• Action item
Write out the listing from the line with "- Public relations" to the line with "XYZ 40.817,48.804,32.08 Color", both lines included, exactly and nothing beyond. Leave pictures out.
------ Data listing
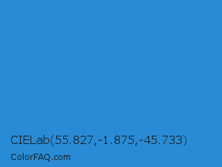 CIELab 55.827,-1.875,-45.733 Color is a normal blue color and the nearest color is Curious Blue #2596d1. Hex code #298bd5 and RGB value is rgb(41,139,213). In RGB color space, this color is composed of 16% red, 55% green, 84% blue, In CMYK color space, this color is composed of 81% cyan, 35% magenta, 0% yellow , 16% black , In HSL color space, this color has a hue angle of 206° , 68% saturation and 50% lightness.
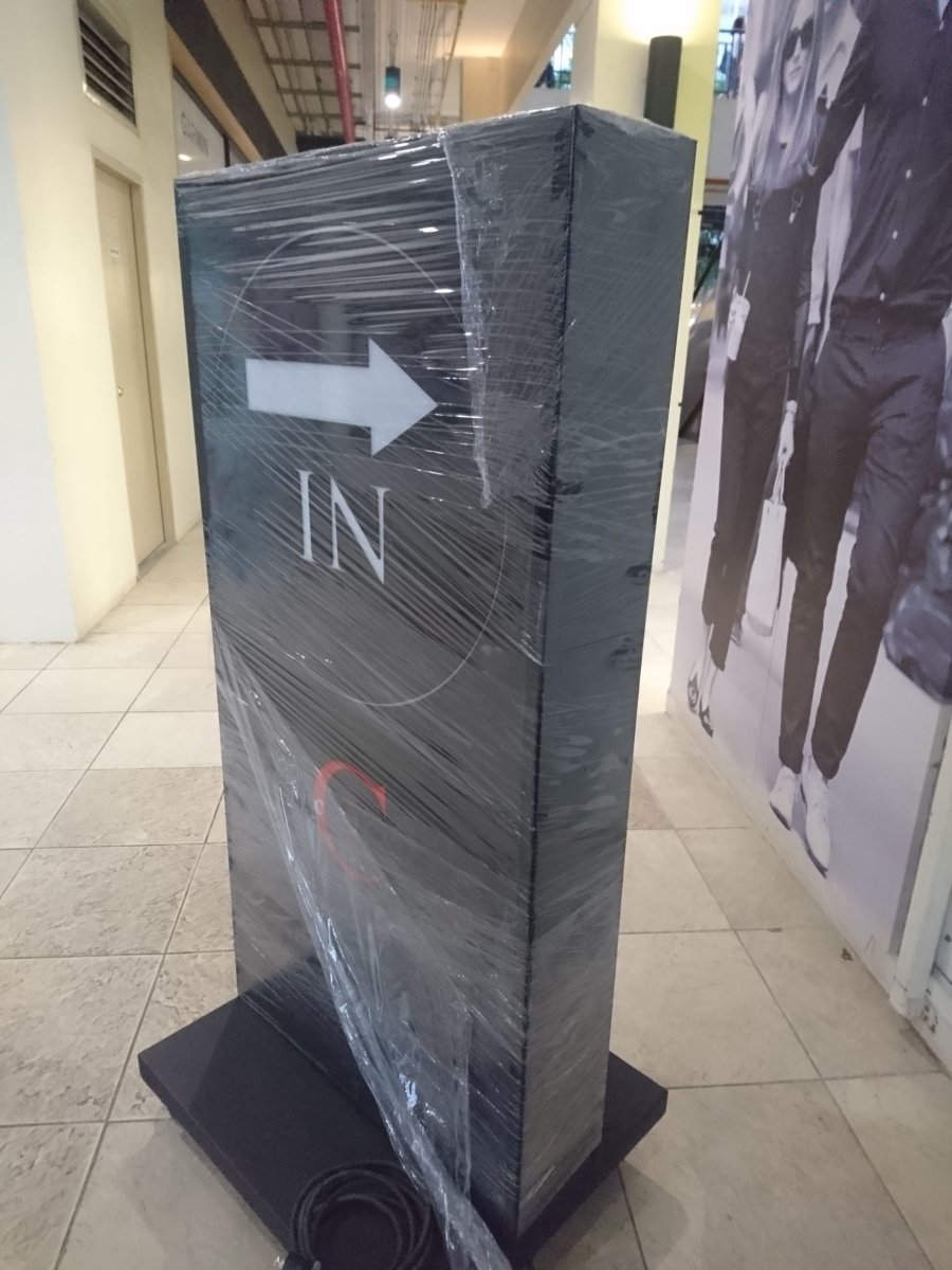 - Public relations floor sign inside . Beautiful public relations floor sign for interior work. the price is not very high Because inside the building, there is no need to use materials that are very resistant to weather conditions, such as signs for exhibitions. In-store publicity sign, poster stand, floor standing poster banner
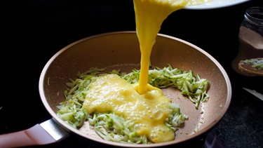 Revet hvidløg kan evt. tilsættes æggene når de piskes sammen.
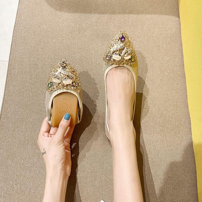 HOT ! Women's Rhinestone Flats Sequins Wedding Shoes Comfort Pointed Toe Ballet Flat Shoe Low Heel Dress Shoe
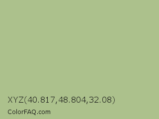 XYZ 40.817,48.804,32.08 Color is a light green color and the nearest color is Swamp Green #acb78e. Hex code #acc18c and RGB value is rgb(172,193,140). In RGB color space, this color is composed of 67% red, 76% green, 55% blue, In CMYK color space, this color is composed of 11% cyan, 0% magenta, 27% yellow , 24% black , In HSL color space, this color has a hue angle of 84° , 30% saturation and 65% lightness.
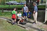 Scott running through the switches as he heads for the mainline with his passengers. We invited Cub Scout Pack 306 to our Club Run and Skip Frank gave a talk and demonstration of the workings of a steam locomotive for them. |
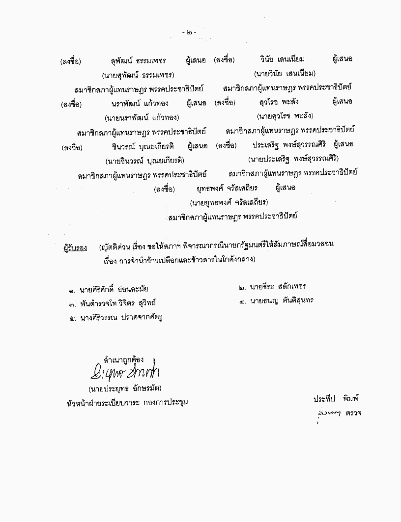 ชื่อเอกสาร :   ญัติติ เรื่อง ขอให้สภาฯ พิจารณากรณีนายกรัฐมนตรีให้สัมภาษณ์สื่อมวลชนเรื่องการจำนำข้าวเปลือกและข้าวสารในโกดังกลาง (นายไพฑูรย์ แก้วทอง กับคณะ เป็นผู้เสนอ)
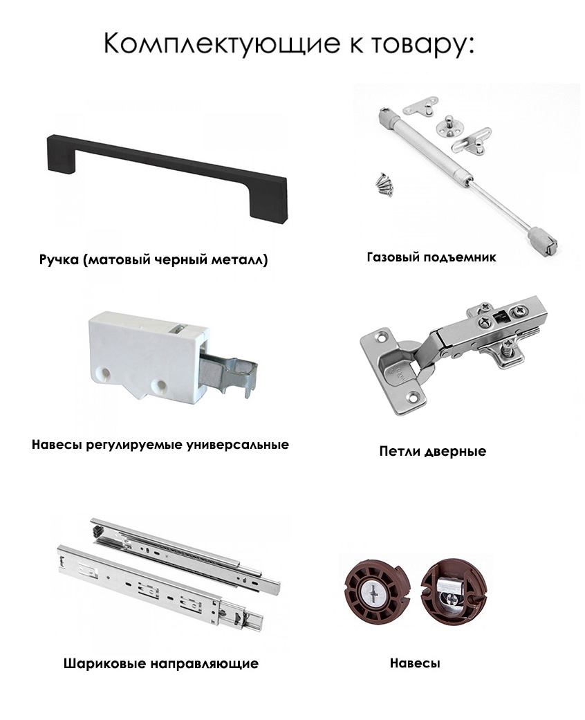 Фурнитура: ручка металлическая черная матовая, шариковые направляющие, опора мебельная, навесы, петли, газовый подъемник, Навесы регулируемые универсальные.
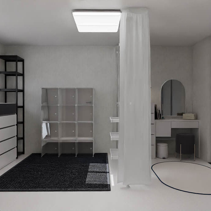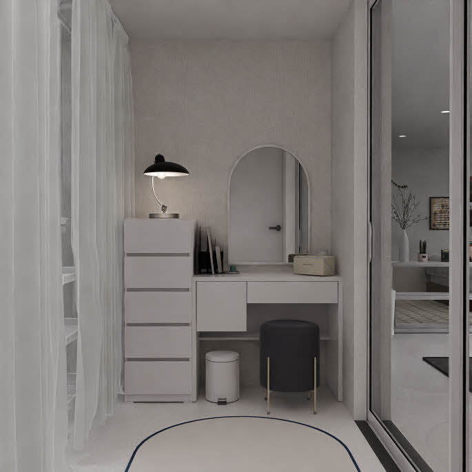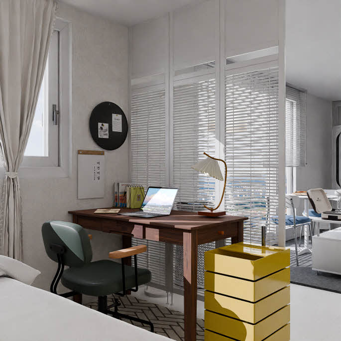 부엌은 개방감을 극대화하기 위해 유리문을 가리지 않고 배치해, 탁 트인 느낌을 살렸습니다. 기존 침실 공간을 옷방과 화장대로 바꾸고, 침실은 거실 한켠에 따로 분리해 두었습니다. 침실은 아늑하고 차분한 분위기를 위해 우드 소재의 가구와 화이트 컬러를 사용해 다른 공간과 차별화했습니다.
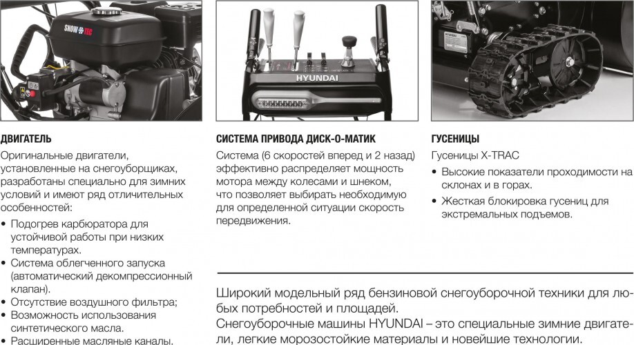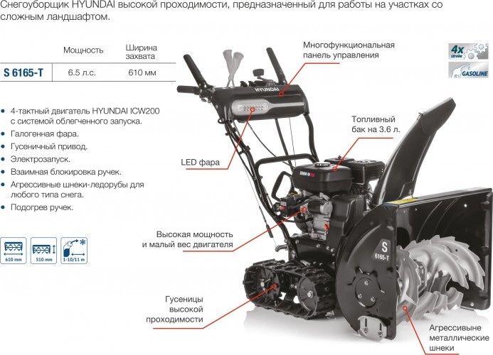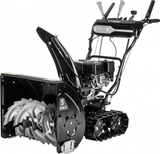 Hyundai S 6165-T - гусеничный самоходный бензиновый снегоуборщик, с шириной захвата снега 61 см, и высотой ковша 51 см. Компактная и маневренная снегоуборочная машина, которую стоит купить для загородного дома, дачи.
------------
• Your solution
 - Public relations floor sign inside . Beautiful public relations floor sign for interior work. the price is not very high Because inside the building, there is no need to use materials that are very resistant to weather conditions, such as signs for exhibitions. In-store publicity sign, poster stand, floor standing poster banner
 Revet hvidløg kan evt. tilsættes æggene når de piskes sammen.
 HOT ! Women's Rhinestone Flats Sequins Wedding Shoes Comfort Pointed Toe Ballet Flat Shoe Low Heel Dress Shoe
 XYZ 40.817,48.804,32.08 Color is a light green color and the nearest color is Swamp Green #acb78e. Hex code #acc18c and RGB value is rgb(172,193,140). In RGB color space, this color is composed of 67% red, 76% green, 55% blue, In CMYK color space, this color is composed of 11% cyan, 0% magenta, 27% yellow , 24% black , In HSL color space, this color has a hue angle of 84° , 30% saturation and 65% lightness.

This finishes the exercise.